Nie ma jednak żadnego planu, żadnego postanowienia dokonania ostatecznego kroku. W filmie mamy od początku pokazane, że George chce się zabić i cały dzień spędza na przygotowaniach do tego. Pragnie pozamykać wszystkie swoje sprawy, aby odejść w spokoju. Być może reżyser zdecydował się na taki krok, aby pokazać widzom ciężar samotności bohatera. W powieści George nie ma nikogo i z nikim nie jest naprawdę blisko, osoby, z którymi się spotyka, wypełniają głównie jego czas i tylko w niewielkim stopniu jakieś pragnienie bliskości z drugim człowiekiem.
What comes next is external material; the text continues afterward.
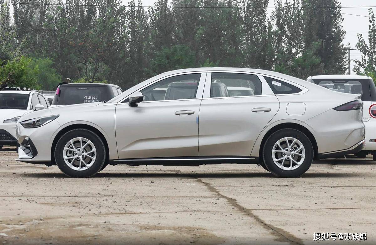 车身侧面造型很舒展,整体线条很硬朗。尺寸方面,车辆的长宽高分别为4806/1886/1490mm,轴距为2756mm,整体尺寸达到了中级车的水平,但是厂家把其定位为紧凑型轿车。

Mówienie o samobójstwie nie ma wpływu na to, czy widzimy pustkę, która go otacza.
Zachowany zostaje natomiast melancholijny ton całości i praktyczny brak akcji. Dokładne opisy osiedla, sąsiadów czy budynków oraz liczne wywody filozoficzne reżyser zastąpił długimi jazdami kamery i nastrojową muzyką. Przez cały czas patrzymy na wszystko oczyma George’a, to on nam mówi i pokazuje, jak mamy widzieć świat, który go otacza. Reżyser osiągnął to między innymi poprzez „zabawę” barwami. Kiedy bohater jest szczęśliwy, jego świat dosłownie nabiera barw. Wszystko staje się jaśniejsze, przyjemniejsze, kolory stają się żywsze. Pewna wskazówka, aby tak to pokazać, pojawia się w samej książce: I znów, jak przy tenisistach, George czuje, że jest to jasny moment w jego dniu.
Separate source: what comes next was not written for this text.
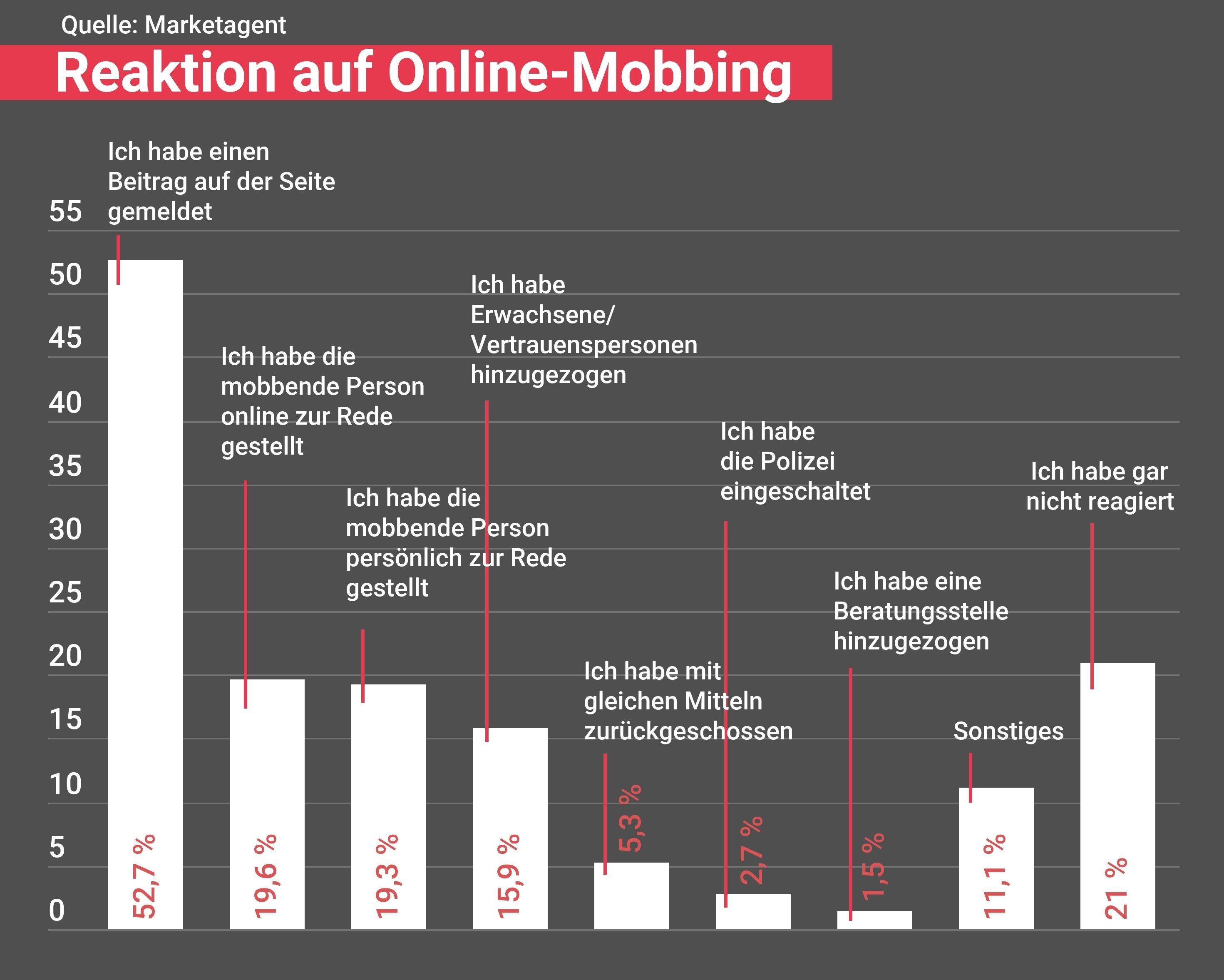 Frauen macht Mobbing im Internet betroffener als Männern. Während weibliche Befragte zu 77,8 % sagten, dass ihnen Anfeindungen "sehr" oder "eher nahe" gehen, waren es bei den männlichen "nur" 59,5 %. Die Reaktionen auf Online-Mobbing sind vielfältig: die meisten meldeten den betreffenden Beitrag (52,7 %), andere Maßnahmen waren außerdem das zur Rede stellen der mobbenden Person (online oder persönlich) sowie das Hinzuziehen einer Vertrauensperson.

Niestety życie George’a jest szare i smutne. Żyje w przekonaniu, że nie przydarzy mu się już nic dobrego, że jest już stary i to kres jego życia. Dlatego też wszystkie barwy są stonowane. Jedynie pozytywne momenty nie są utrzymane w sepii. Żywe, ciepłe barwy pojawiają się jedynie we wspomnianych „jasnych momentach”. Wtedy też kamera zwalnia, a świat ukazany zostaje w slow motion. Niestety nie ma tego koloru za wiele i bardzo szybko znika, to są tylko chwile szczęścia, krótkie i ulotne.
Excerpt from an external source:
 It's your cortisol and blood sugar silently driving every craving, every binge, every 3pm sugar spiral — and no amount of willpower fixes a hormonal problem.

Tragizm tej postaci i ogrom samotności możemy zauważyć, śledząc wspomniane zmiany kolorystyki. Czasami nawet chwilowa rozmowa z dziewczynką z sąsiedztwa, czy zabawa z obcym psem rozjaśniają jego świat.
Teraz mogę z czystym sumieniem ogłosić, że film Forda jest znakomity. Nie mam również zastrzeżeń co do treści czy realizacji. Nie zgadzam się jednak z reklamowaniem tego dzieła, jako „wielkiej opowieści o miłości”, ponieważ nie jest to główny temat. Miłość była, a utrata tej miłości przysporzyła wiele cierpienia, to prawda, nie jest jednak najważniejsze to, co było, ale to, co zostało. Samotność. Samotność człowieka, który utracił wiarę w to, iż może jeszcze kiedyś być szczęśliwy.

Tekst oryginalnie napisałam w 2011 roku dla portalu IRKA.